The burden of rebutting the lies and ‘mis-thoughts’ of Mr Nwakwesili, paid with Anambra State funds to defend the indefensible then fell on me. But the rat race and if you like procrastination took over, until I was gain inspired ,reminded and jolted into action by another recently public article by Ozue-; ‘INEC’s fast lane to Utopia’.
There are at least three reasons why I owe it as a duty to the general public, particularly Anambra State to refute the lies and straighten the records polluted by Speaker Nwaebili’s response through Nwakwesili.
. First my non-governmental organisation Anambra Integrated Rights (AIR) was the one who drew Dr Owen’s esteemed attention to the facts that led to his expressive article, following our visit to Amansea to get a first hand feel of the locus inquo in the crime committed against humanity by those suspected to be state operators; where conservatively over 50 bodies were seen floating on the Ezu River .Shortly after that visit we went to the House of Assembly and were told that the house was on break. We repeated one week after and the situation had not changed and so we started asking questions to led us to shocking details, most of which have not been touched by Ozue, a writer with decent language.
Second, If those statements by Nwakwesili are not responded to and clarified, members of the public would think that they are true and it will mislead our understanding of issues
Thirdly, we owe it as a duty to encourage those who stand up for the truth with all its attendant sacrifices, in a region (South East) where people just whine or take isolated action against individuals, but no collegiate action against ailing institutions, which has a toll on the performance of those in authority.

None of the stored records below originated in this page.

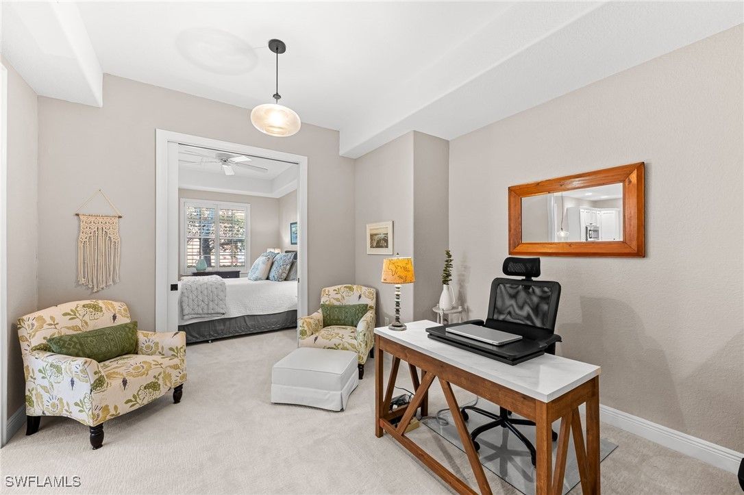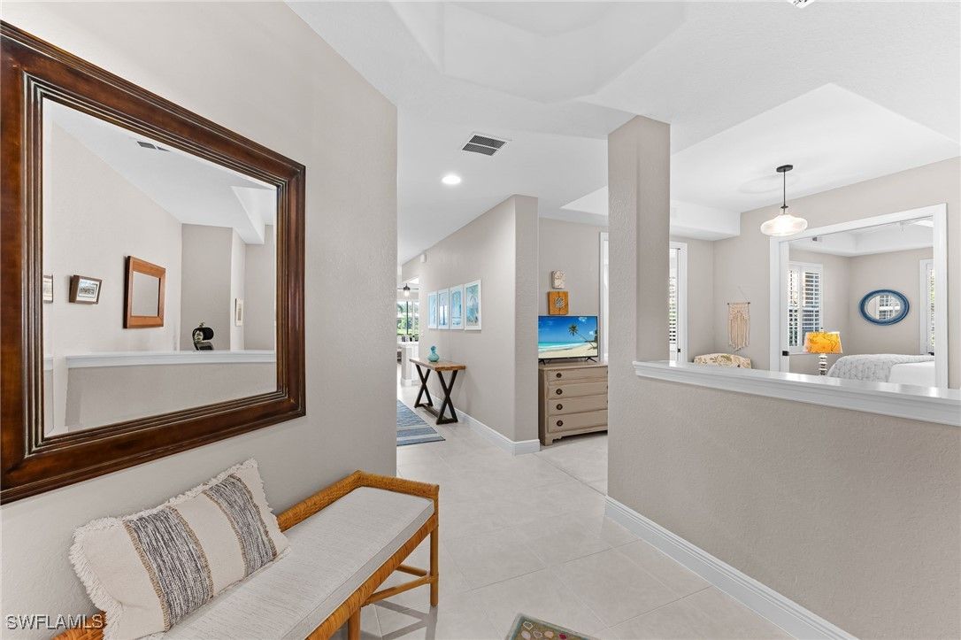 Coastal Elegance Meets Lakeside Serenity in Legacy at Lely Resort. Welcome to your slice of paradise in the prestigious Legacy at Lely Resort. This impeccably maintained, first-floor carriage home perfectly blends modern updates with a bright, airy coastal atmosphere. From the moment you step inside, you are greeted by an abundance of natural sunlight and a direct, peaceful view of the lake. Enjoy a freshly painted interior, updated flooring throughout, and contemporary light fixtures that elevate every room. This property features 2 generously sized bedrooms plus a versatile den that is currently configured as a 3rd bedroom—providing plenty of space for family or overnight guests. The chef inspired kitchen has recently been updated and designed for entertainment. The kitchen flows seamlessly into the open floor plan, ensuring you never miss a moment with your guests. Unique to this floor plan is the inclusion of both a utility room and a large, dedicated laundry room, offering ample storage and organization. Relax on your private lanai and take in the serene lake views that define the Lely Resort lifestyle. Living in Legacy means more than just a beautiful home; it’s a world-class experience. Residents enjoy access to lush landscaping, meticulously maintained grounds, and immediate access to the renowned Players Club & Spa.  As a resident, you unlock the doors to the famed “Eight-time Club of the Year Players Club & Spa. Imagine your weekends spent by the cascading 22-foot waterfall pool, enjoying drinks at the tiki hut, or challenging friends on the premier tennis and pickleball courts. With gourmet restaurants, a state- of-the-art fitness center, a full spa, and three championship golf courses all at your fingertips. This home perfectly blends luxury upgrades with a world-class resort lifestyle. Start living your best life today. Live, Laugh, and Love the Lely Lifestyle where every day feels like a vacation.
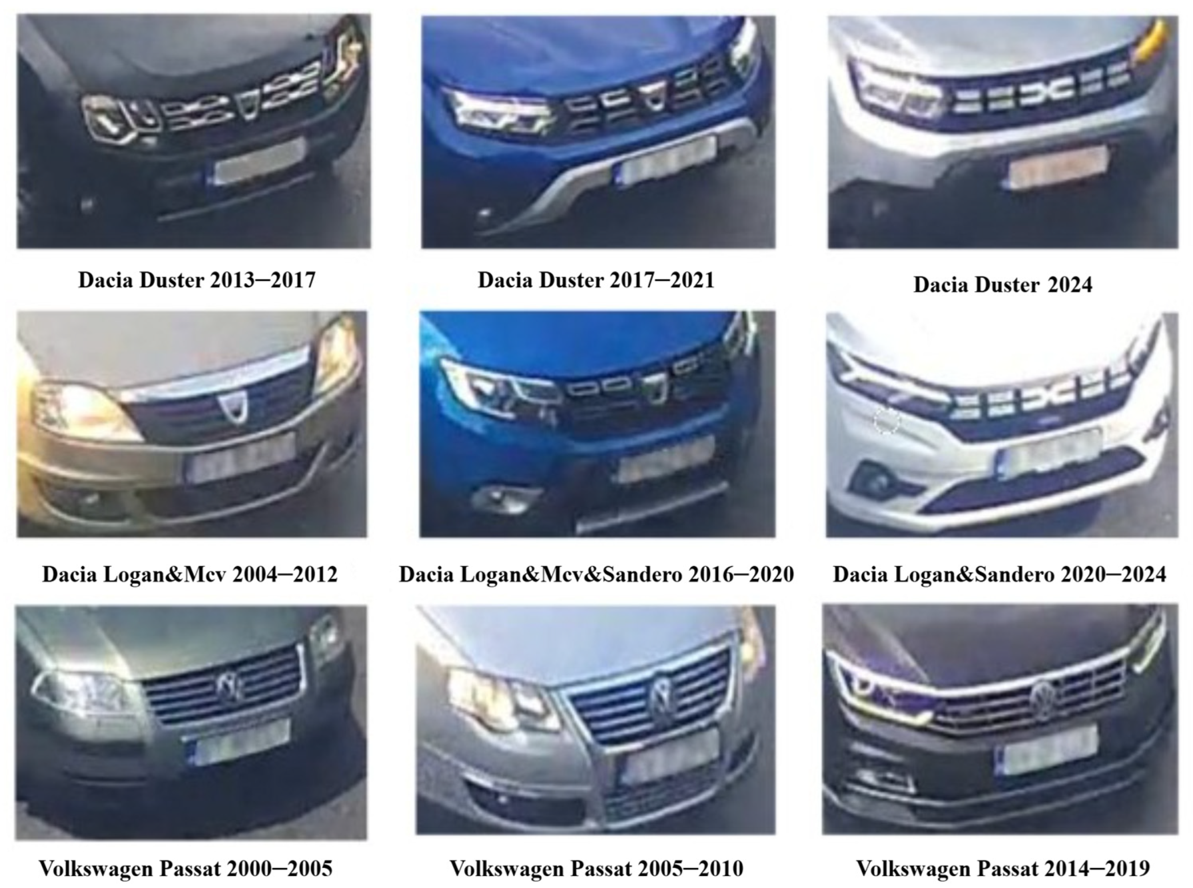 | 1 | Stanford Cars (Cars196): 2013 | Public (research mirrors) • 16,185 images • 196 classes (MMY—model, make, year) | Image-level make-model–year; devkit has bboxes. • VMMR usage: fine-grained classification. | + Clean, fine-grained labels; standard FGVC-fine-grained visual clasification benchmark. − Web images; limited surveillance viewpoints. | [2,3,12,17,24,25] |
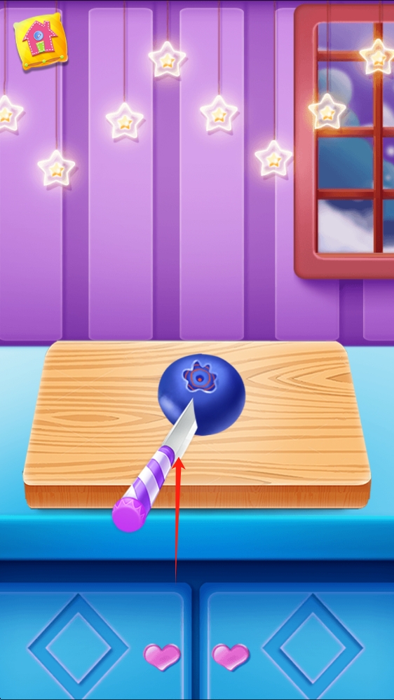 2、游戲中,根據(jù)提示,用刀精準(zhǔn)切割藍(lán)莓等食材,為制作奶昔準(zhǔn)備原料,點(diǎn)擊切水果。

Mrs Chinwe Nwaebili writing through Nwakwesili understandably did not address the issues of late budgets and travelling when the budget was supposed to be expeditiously treated. The article did not say anything about what the house has done, is doing, or will do about Anambra State assets being frittered away by individuals in executive arm of Anambra State government. It in fact does not consider the disaster in Ezu River worth it attention from the point of view of justice, even belatedly. And no one is surprised that Nwaebili did not consider it part of his duty to Anambra State to x-ray that foreign visit, because it does have a good smell.
Anyway, let us deal with the issues that the selected.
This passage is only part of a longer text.